Before that, mutual funds were allowed to invest a nominal portion of their portfolio in unlisted equity shares.
A fund house could invest up to 5% of its NAV (Net Asset Value) in the unlisted equity shares or equity related instruments in case of open-ended scheme and 10% of its net asset value in case of close ended scheme.
Post the IL&FS crisis in 2018, on review of investment norms for mutual funds in debt and equity securities, Sebi restricted MFs investing in unlisted debt and equity instruments.
According to Sebi (Mutual Funds) Regulations, 2019, “All investments by a mutual fund scheme in equity shares and equity related instruments shall only be made provided such securities are listed or to be listed." Mutual funds can come in as anchor investors in case of to-be-listed entities, said Anil Ghelani, head passive investments & products of DSP Mutual Fund. “Hence, we witnessed some of the mutual funds participating in the recent IPOs (initial public offering) before listing."
“Unlisted equities are a very illiquid asset class.
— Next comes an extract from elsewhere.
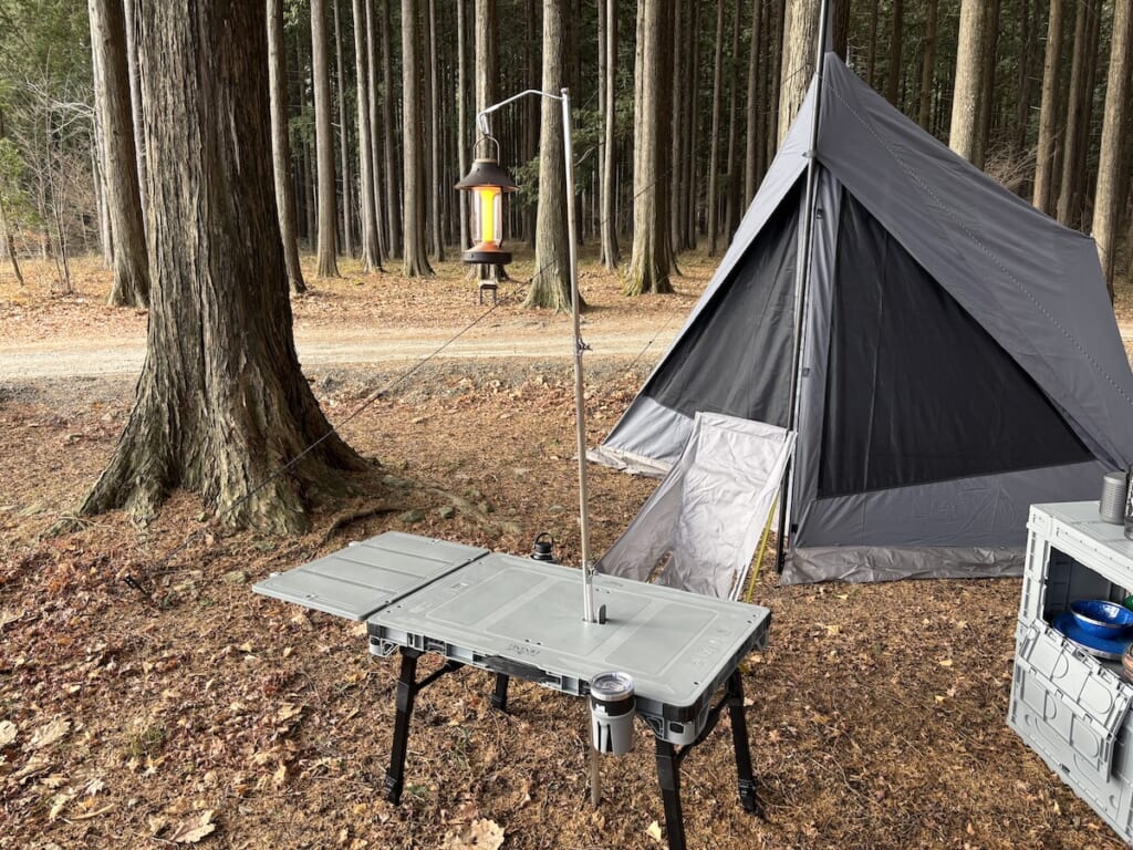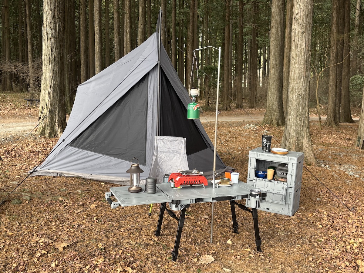 フラットカートダイニングを実際にキャンプサイトに組み込んでみると、ランタンポールを除き、台車で一度に運べる量のギアで、充実のソロキャンプサイトを作ることできました。

If there was undue redemption pressure, then the assets need to be sold at distressed pricing, which will not only impact exiting investors but also the existing investors," said Vishal Dhawan, board member, Association of Registered Investment Advisors (ARIA).
There is a tendency for a lot of investors to get carried away because a lot of the unlisted stocks may have brands or names that we may use on daily basis, added Dhawan.
“We believe it is best that access to unlisted shares is available only through investments like AIFs, in which only those investors who can deal with the risks participate," Dhawan concluded.